**Task to carry out**.
Every line of the material is to be returned verbatim. Pictures stay out.

**Supplied information**.
+ + + + + + +

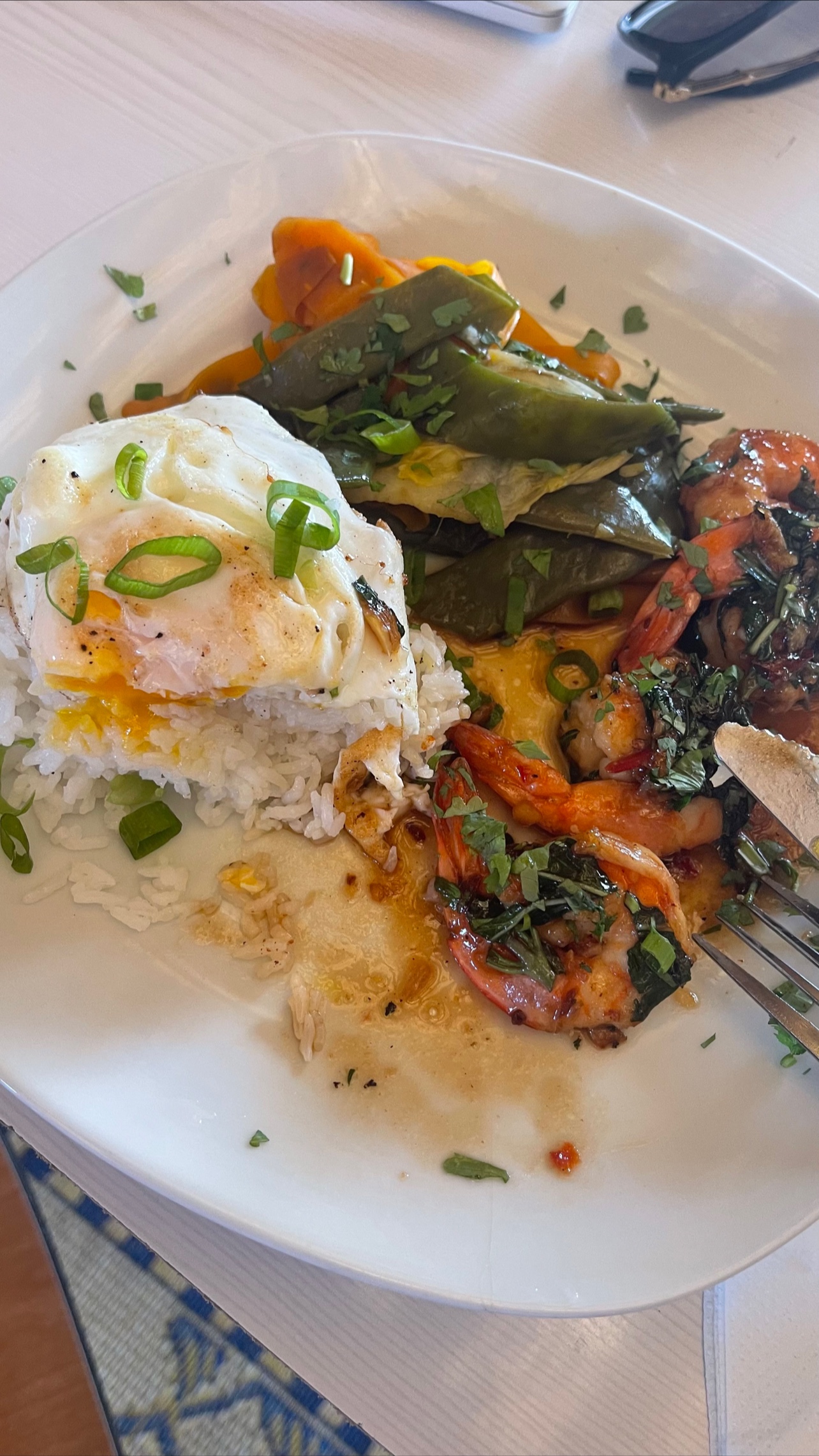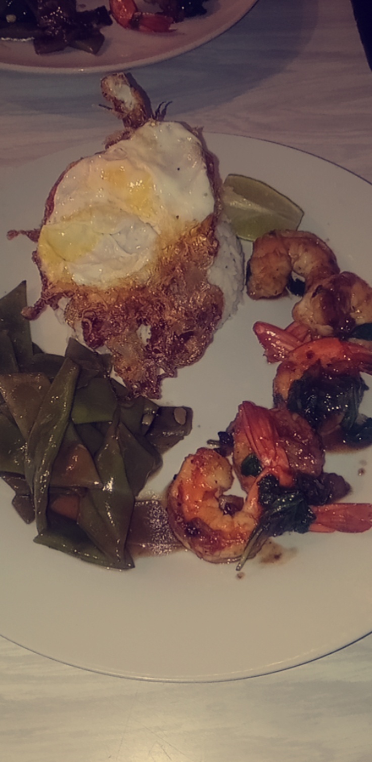 Très bon accueil, une cuisine exotique raffinée fait maison, je le recommande vivement. La photo poulet frit au basilic thaï avec petits légumes, riz œuf frit
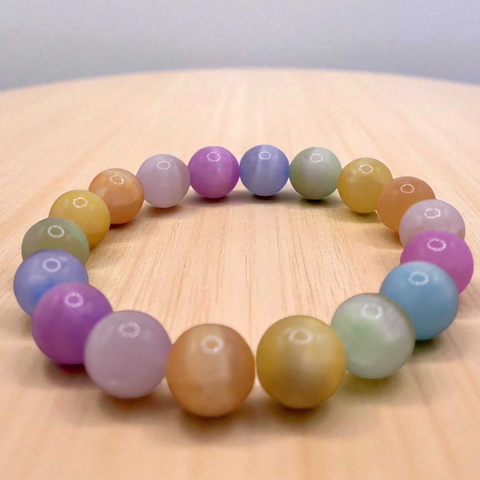 Ce bracelet en perles ronde 10 mm de diamètre est monté sur un fil élastique résistant.
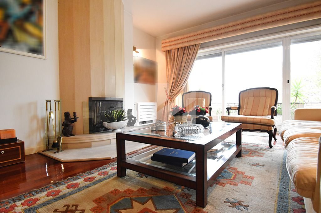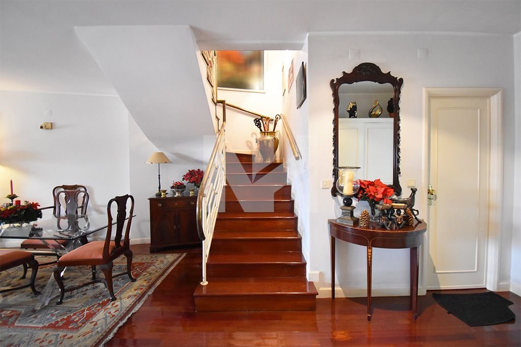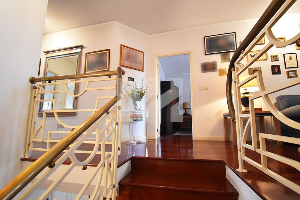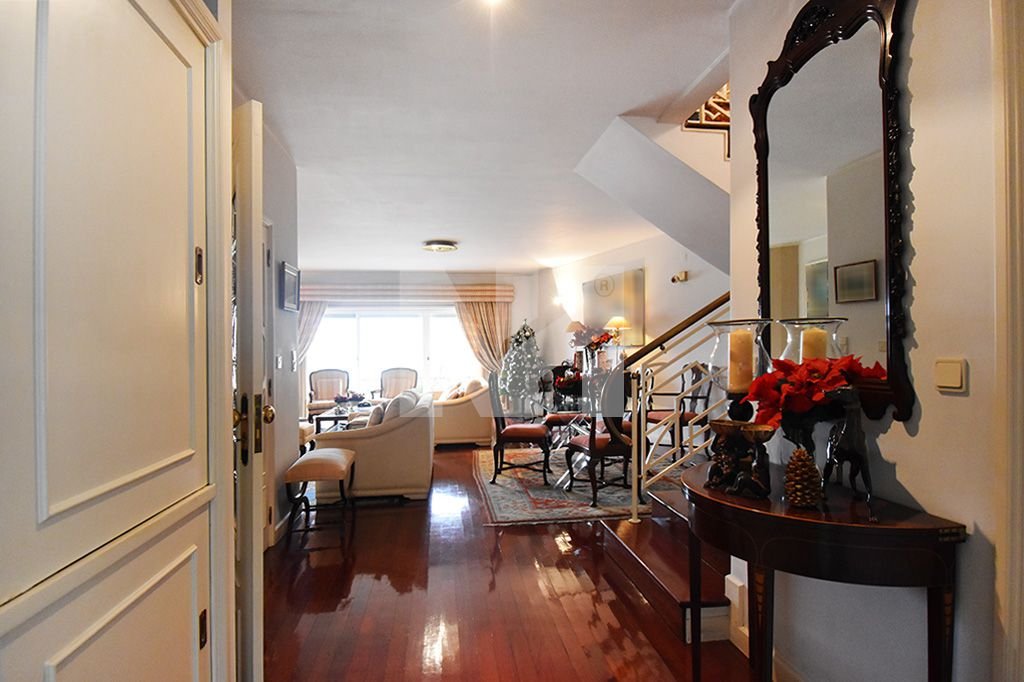 O apartamento T4 duplex em venda está apetrechado com 2 garagens fechadas com 40 m2, ar condicionado em todas as divisões, sala com lareira e recuperador de calor e 2 elevadores.

+ + + + + + +

**Your response**.
 Très bon accueil, une cuisine exotique raffinée fait maison, je le recommande vivement. La photo poulet frit au basilic thaï avec petits légumes, riz œuf frit
 Ce bracelet en perles ronde 10 mm de diamètre est monté sur un fil élastique résistant.
 O apartamento T4 duplex em venda está apetrechado com 2 garagens fechadas com 40 m2, ar condicionado em todas as divisões, sala com lareira e recuperador de calor e 2 elevadores.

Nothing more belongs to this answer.